Miss Rachael Utting

Supervised by

Research interests

Collecting Leviathan: curiosity, exchange and the British Southern Whale Fishery (1775-1860)

The project investigates the culture of collecting onboard whaling voyages associated with the British Southern Whale Fishery during the eighteenth and nineteenth centuries. It considers the circulation of artefacts, specimens and imagery through various networks including auction houses, curiosity shops, major museums and private collections.

The Southern fleet was active between 1775-1860 and for part of this period was the largest whaling fleet in the world.

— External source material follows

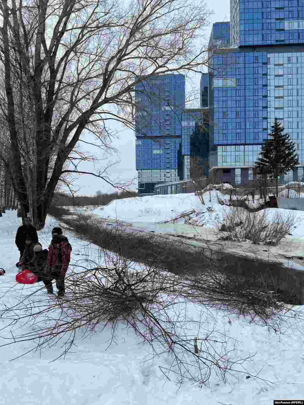 Самая масштабная вырубка состоялась здесь весной 2022 года, когда стало известно, что руководство Татарстана хочет видеть на месте парка Соборную мечеть Казани. Тогда в благоустроенной части парка было уничтожено несколько сотен взрослых деревьев. Сейчас работы перекинулись в "дикую" часть парка. Строительная техника уже двое расширила дренажную канаву. Причем ездят в топких местах, по наблюдениям местных жителей, прямо по стволам поваленных деревьев. Вот какими снимками поделись активисты, пытающиеся остановить работы.
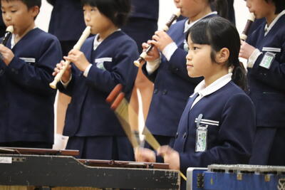 4年生は、水俣市音楽会で発表した、合唱「赤い屋根の上」、合奏「ラデッキー行進曲」を披露しました。

The average voyage of a London-based whaler lasted about three years meaning regular stops at ports of call across the world had to be made in order to collect fresh food, water and wood. Whaling logs and private journals (particularly those kept by whaling surgeons) indicate that during these island layovers, whalers interacted in various ways with local inhabitants, acquiring indigenous artefacts and other objects retained for personal interest, exchange or sale as ‘curiosities’. Ports of call frequented by whaleships were found all across the Indian and Pacific Oceans and these spaces became cultural contact zones due to the mixing of ethnically diverse ship’s crews, but also due to this trade in curiosities.  

These objects then moved in myriad ways – for example through informal exchange, commercial networks, family inheritance or formal donation - into personal and public museum collections around the world. By analyzing these moments of exchange and encounter through sources such as whaling logs, journals, auction house records and public and private correspondence I am creating an understanding of the role played by the whalemen in supplying the trade in curios, and the networks of exchange within which they operated. This project aims to enhance our knowledge and understanding of early British collecting practices and highlight the agency of the whalers of the British Southern Whale Fishery within this.